What are the risks of putting a 2-pronged plug into a 3-prong outlet?
A 2-prong plug connects with the hot and neutral wires. The top hole in a three prog outlet connects to the ground wire; small appliances usually don’t need a ground wire.
The 3rd, earth connection, is required for devices that require an earth. If your device originally comes with the 2-connector plug, it doesn’t need earth, so there is no problem connecting it to the 3-connection outlet.
The other way round can be a problem. If you cut away the earth connection from a device that originally came with the earth plug, & then connect it to a socket, it can cause electrocutions, fire, or if it is a delicate device that needs a stable electric circuit (measuring device etc.), the missing earth can cause instability & faulty measurements.

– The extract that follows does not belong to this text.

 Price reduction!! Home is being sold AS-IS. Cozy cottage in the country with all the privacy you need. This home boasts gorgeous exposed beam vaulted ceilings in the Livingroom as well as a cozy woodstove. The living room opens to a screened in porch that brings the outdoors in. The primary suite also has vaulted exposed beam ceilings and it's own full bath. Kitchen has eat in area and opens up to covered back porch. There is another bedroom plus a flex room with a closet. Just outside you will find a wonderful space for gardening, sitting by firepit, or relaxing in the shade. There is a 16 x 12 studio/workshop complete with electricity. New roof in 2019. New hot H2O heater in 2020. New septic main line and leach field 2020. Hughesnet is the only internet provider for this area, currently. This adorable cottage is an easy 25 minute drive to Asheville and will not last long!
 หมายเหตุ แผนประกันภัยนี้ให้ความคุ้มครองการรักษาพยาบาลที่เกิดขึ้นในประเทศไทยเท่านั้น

The 3-prong outlet is a backwards compatible outlet. The 3rd prong is usually connected to ground (basically a physical wire connected to either a copper stake driven 6 feet into the ground or to your home’s copper water pipe. It’s designed to be connected to the chassis of a higher voltage appliance, such as the old cathode ray tube TV sets for that when a person is working on it live, they connect to ground so that if they somehow accidentally touched the live circuit, it goes to ground instead of through your heart. It was designed to provide some minor safety to a person. You can still get electricity going through whatever item goes to ground, be it a screwdriver or your hand. It mainly reduces the chance that it goes through your heart.

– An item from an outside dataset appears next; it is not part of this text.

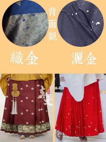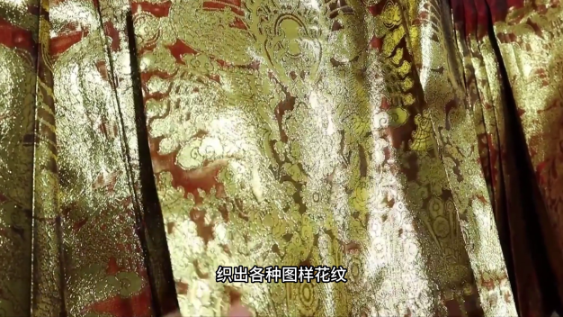 織金是織布時就用金線織出花紋。根據金線的種類又分為扁金、圓金、包金。

Modern 3rd prong outlets include GFCI circuits, and is basically an additional protection to shut of the circuit at the socket if any electricity leaks to ground. Ground by itself protects users from a shock to the heart, but it does not stop electricity from flowing. It also doesn’t protect you if you’re in a bathtub that has pipes also going to ground. GFCI will protect users better than just plain ground, since it detects the fault and shut of the circuit.